Когда Роксандра Стурдза впервые встретила Крюденер, фрейлину привлекли ее вера и ее милосердие к беднякам, но при этом она увидела в Крюденер жертву ее собственных мистических «химер» [Edling 1888: 132–133][361]. В начале марта Роксандра познакомилась с Юнг-Штиллингом, который оказался ей близок как в своем понимании благочестия, так и в идеализации простой жизни. Подобно де Местру, семидесятичетырехлетний Юнг-Штиллинг стал играть роль духовного отца для неутомимой в своих поисках юной придворной дамы[362]. Она побуждала брата прочитать «Тоску по отчизне», но Александр вместо этого предостерегал ее против «немецких книг»: «Некоторые из них страшно вредные, их яд скрыт под внешней экзальтацией и псевдоглубиной»[363]. Она оправдывалась, говоря, что она «не мартинистка», что Крюденер для нее «интересное явление», а Юнг-Штиллинг – «замечательный человек», и обещала, что их взгляды ни в коей мере не повлияют на ее православные убеждения[364]. Крюденер, которая была в то время духовным советником императора, привлекла к себе внимание его окружения, в том числе Каподистрии и Александра Стурдзы, его помощника. Оба они вместе с Роксандрой навестили ее в Гейдельберге в июне 1815 года, а затем мужчины повторно встречались с ней в Париже в сентябре. Вначале Александр Стурдза был так же увлечен Крюденер, как и его сестра, но вскоре разочаровался в ней как в сплетнице и нашел, что ее пророчества невыносимо мрачны (сильное заявление для столь сурового человека, как Стурдза)[365].

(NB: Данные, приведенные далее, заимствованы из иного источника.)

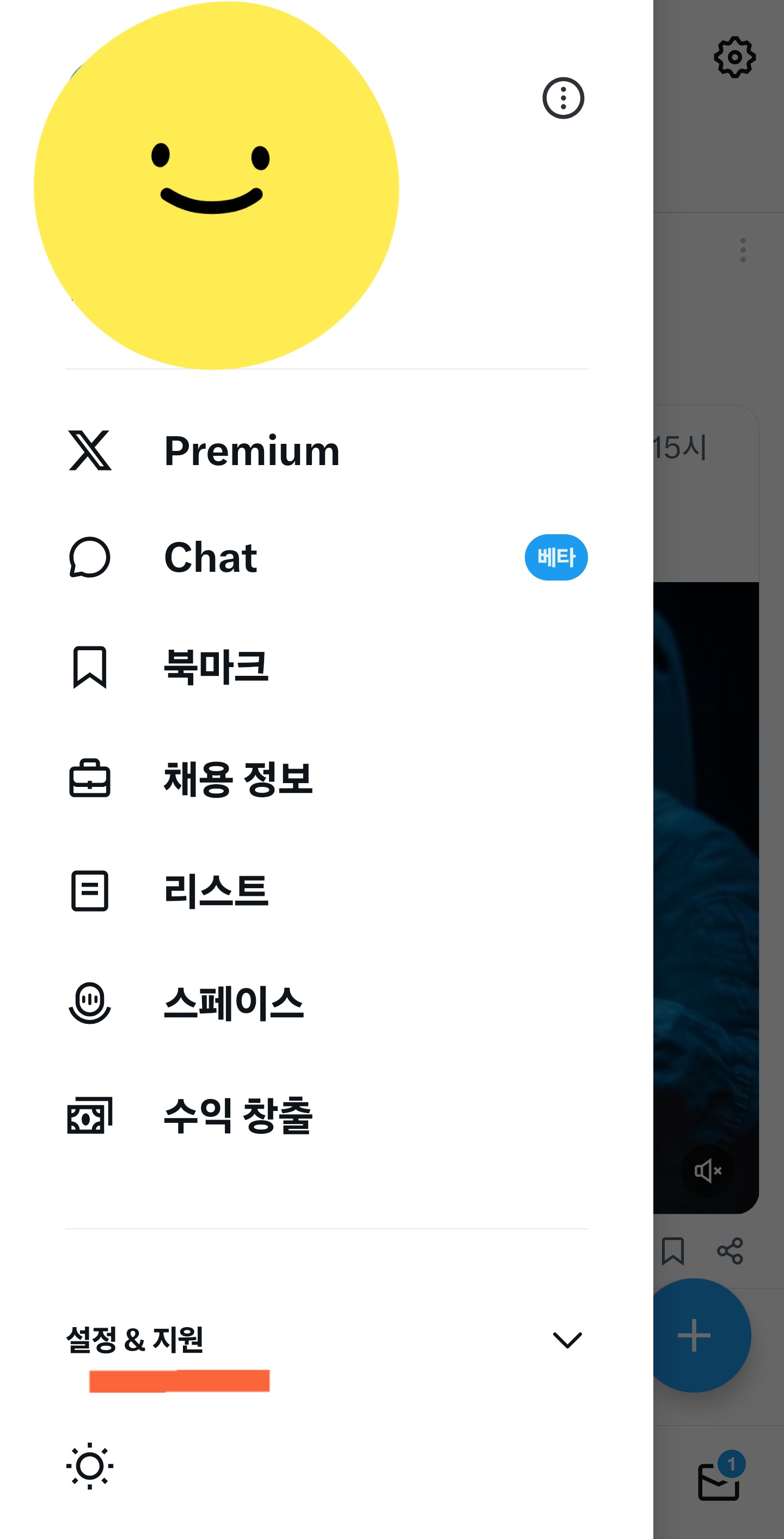 - X 앱 실행 → 왼쪽 상단 프로필 아이콘
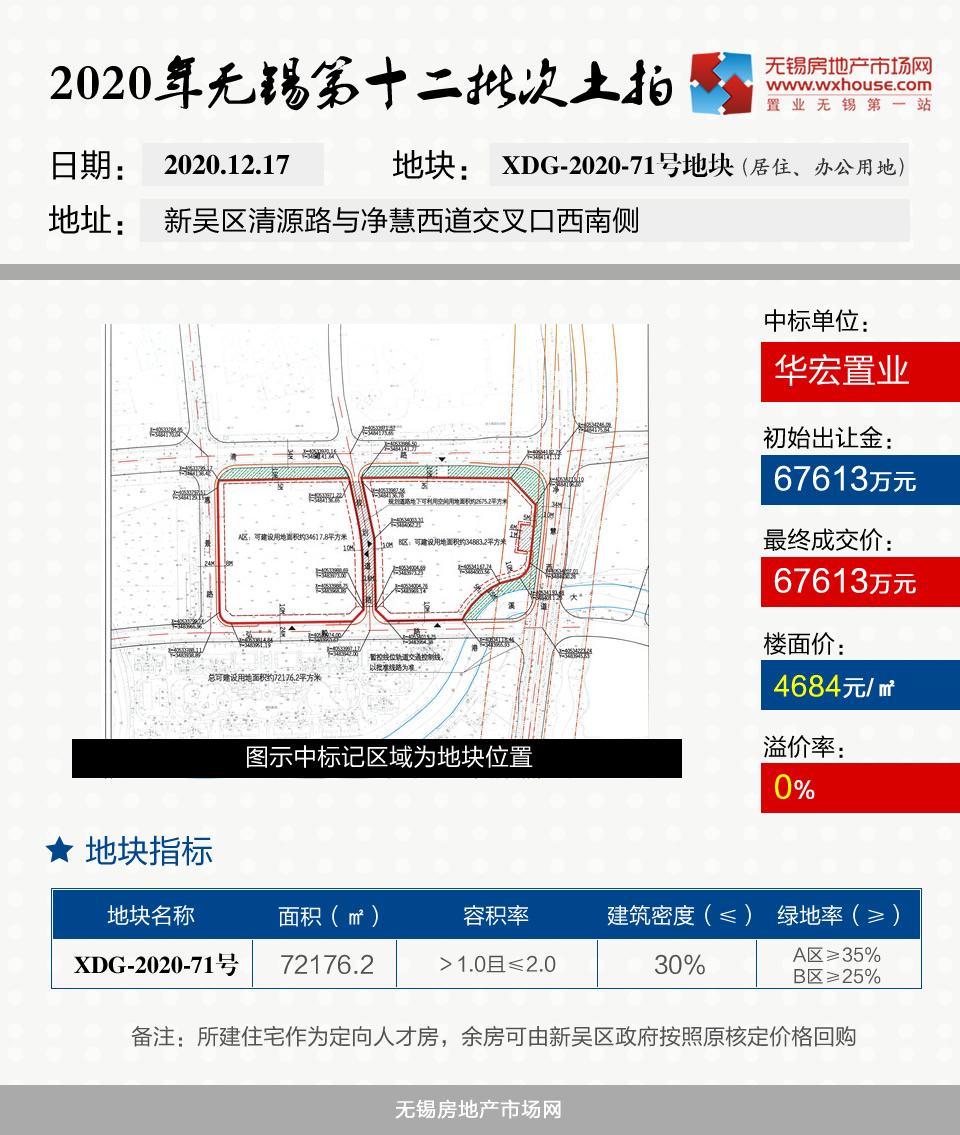 XDG-2020-71号地块——华宏置业(无锡)有限公司——楼面价4683.88元/平方米
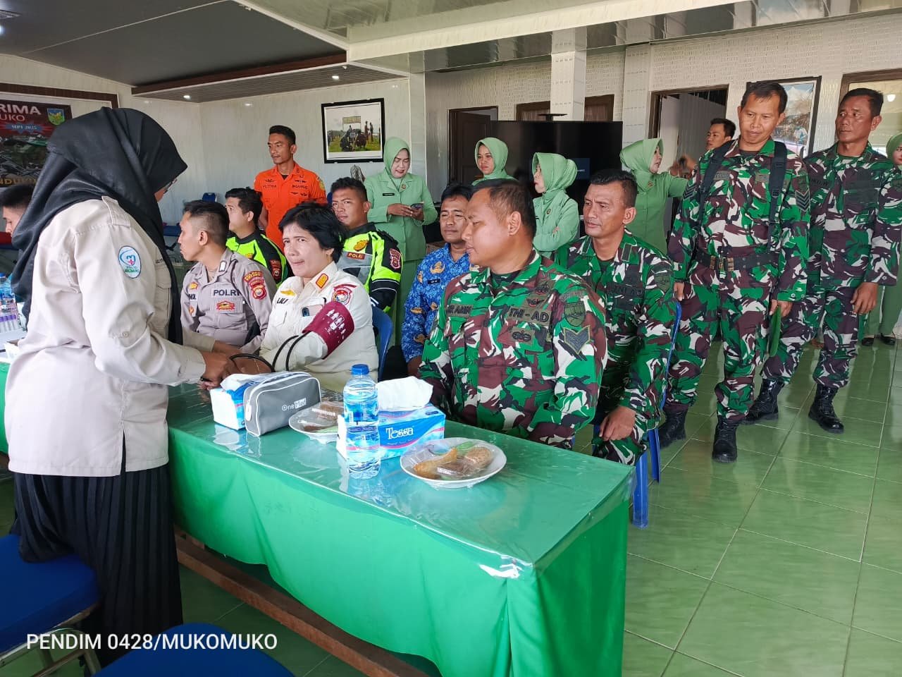 Dalam acara ini turut dihadiri oleh, Komandan Kodim 0428/Mukomuko yang diwakili oleh, Pasi Intel Kodim 0428/Mukomuko Lettu Inf Rahmad Dori, Ketua Persit Kartika Chandra Kirana LII Kodim 0428/Mukomuko, Danramil 428-01/Mukomuko, Anggota Kodim 0428/Mukomuko, Anggota Polres Kab. Mukomuko, Anggota Basarnas Kab. Mukomuko, Anggota Satpol PP Kab. Mukomuko, Tim Penyadap (Aftap) RSUD Kab. Mukomuko, PMI Kab. Mukomuko.

Заверение Роксандры в верности православию представляется несовместимым с ее восторженными отзывами о Юнг-Штиллинге, ее длинными письмами к нему, полными экспрессии, и ее намерением учредить экуменический монастырь. Однако, подобно другим «пробужденным» христианам, она считала, что все преданные Богу люди одинаковы, независимо от своей церковной принадлежности. Как де Местр, так и Юнг-Штиллинг разделяли ее веру в то, что России предопределена свыше исключительная роль, а Александру I предназначено уничтожить зло, угрожающее христианскому миру. Роксандра стала мостом, связующим мистиков с «нетрадиционными» православными консерваторами (такими, как ее брат); ей была близка обращенная ко внутреннему миру экуменическая духовность мистиков, но она не принимала ни хилиазма, ни их пристрастия к культам. Она считала Крюденер слишком легковерной, а в отношении Голицына сожалела, что «его разум несоизмерим с его рвением»[366]. О себе она говорила Юнг-Штиллингу: «Я предана сердцем и душой церкви, которая приняла меня в свои объятия при рождении»[367].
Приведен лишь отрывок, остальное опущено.